Scientific classification
- Kingdom: Animalia
- Phylum: Mollusca
- Class: Gastropoda
- Subclass: Caenogastropoda
- Order: Neogastropoda
- Superfamily: Conoidea
- Family: Conidae
- Genus: Conus
- Species: C. gauguini
- Binomial name: Conus gauguini Richard & Salvat, 1973
- Synonyms: Conus (Pionoconus) gauguini Richard & Salvat, 1973 · accepted, alternate representation; Pionoconus gauguini (Richard & Salvat, 1973);

= Conus gauguini =

- Authority: Richard & Salvat, 1973
- Conservation status: NT
- Synonyms: Conus (Pionoconus) gauguini Richard & Salvat, 1973 · accepted, alternate representation, Pionoconus gauguini (Richard & Salvat, 1973)

Species of sea snail

Conus gauguini, common name Gauguin's cone, is a species of sea snail, a marine gastropod mollusk in the family Conidae, the cone snails and their allies.

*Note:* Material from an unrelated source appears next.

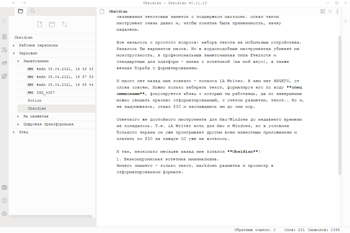 Несколько месяцев назад мне попался Obsidian!
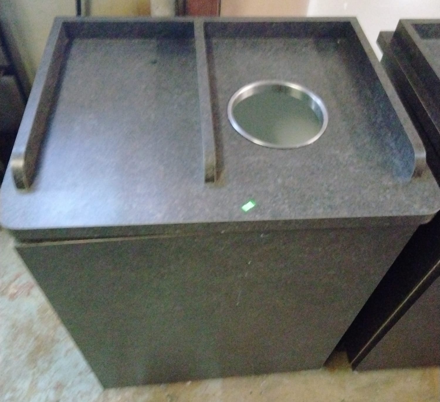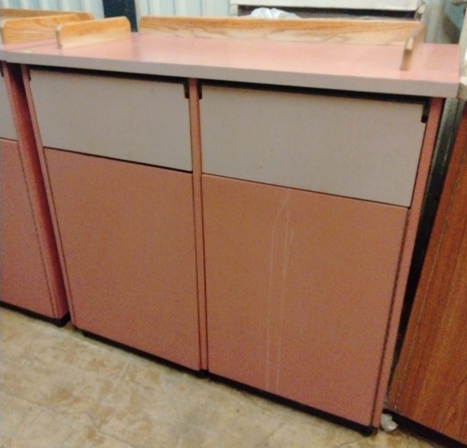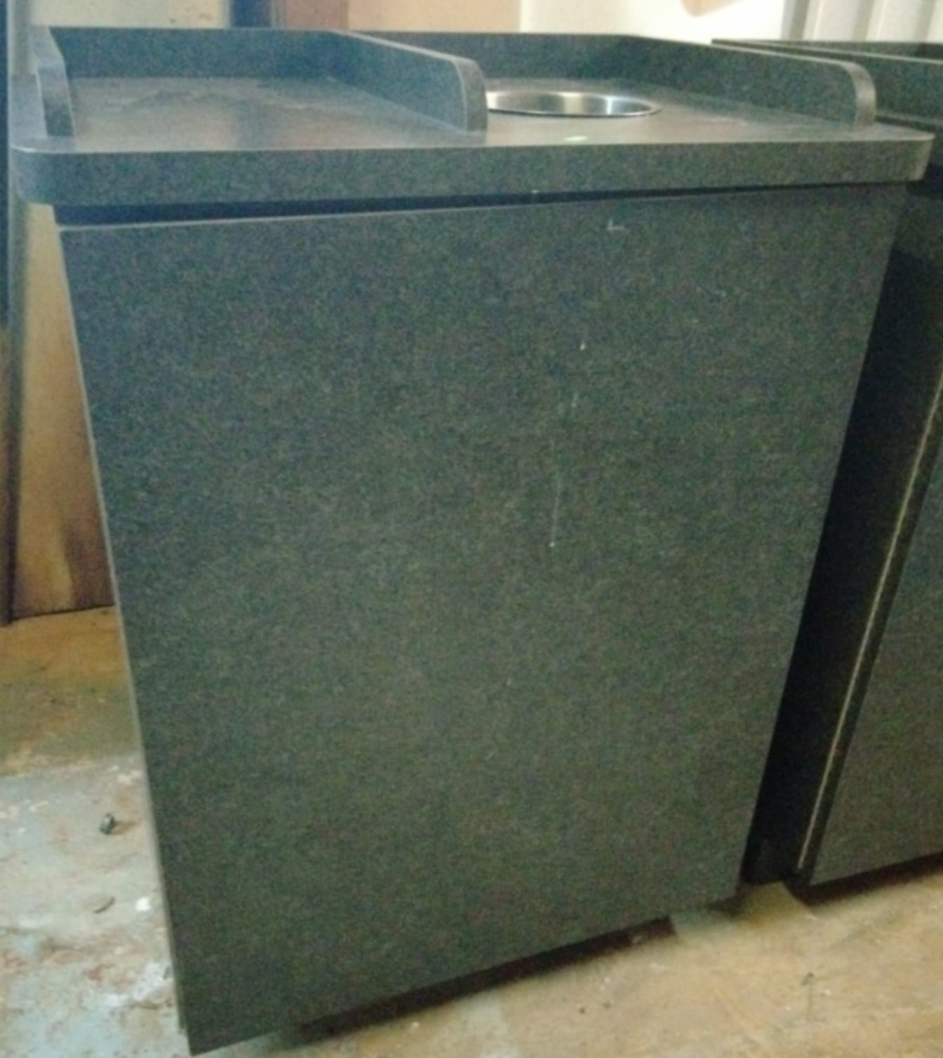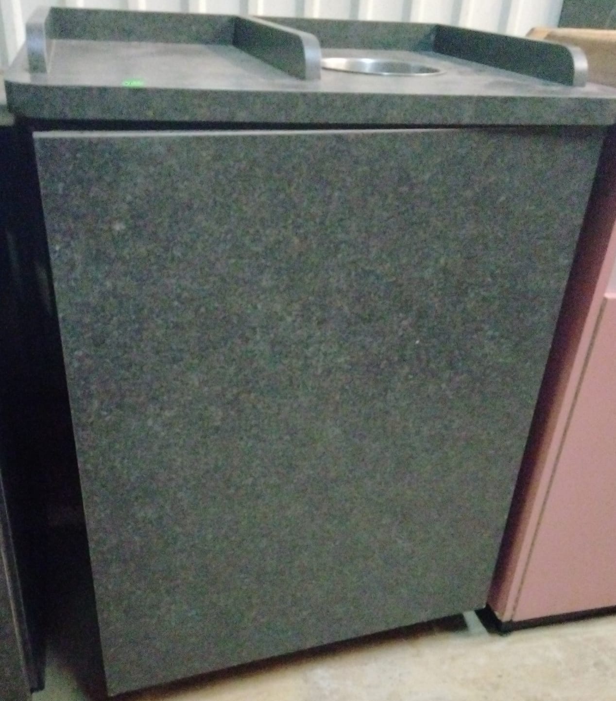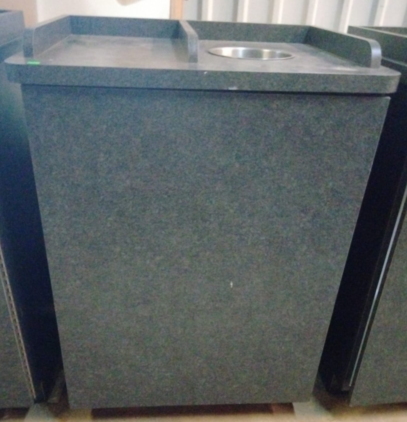107 Tray counter with trash receptacles 24x47x47 door needs repaired

Like all species within the genus Conus, these snails are predatory and venomous. They are capable of stinging humans, therefore live ones should be handled carefully or not at all.

==Description==

The size of an adult shell varies between 56 mm and 93 mm.
==Distribution==
This species occurs in the Pacific Ocean along the Marquesas and Tahiti.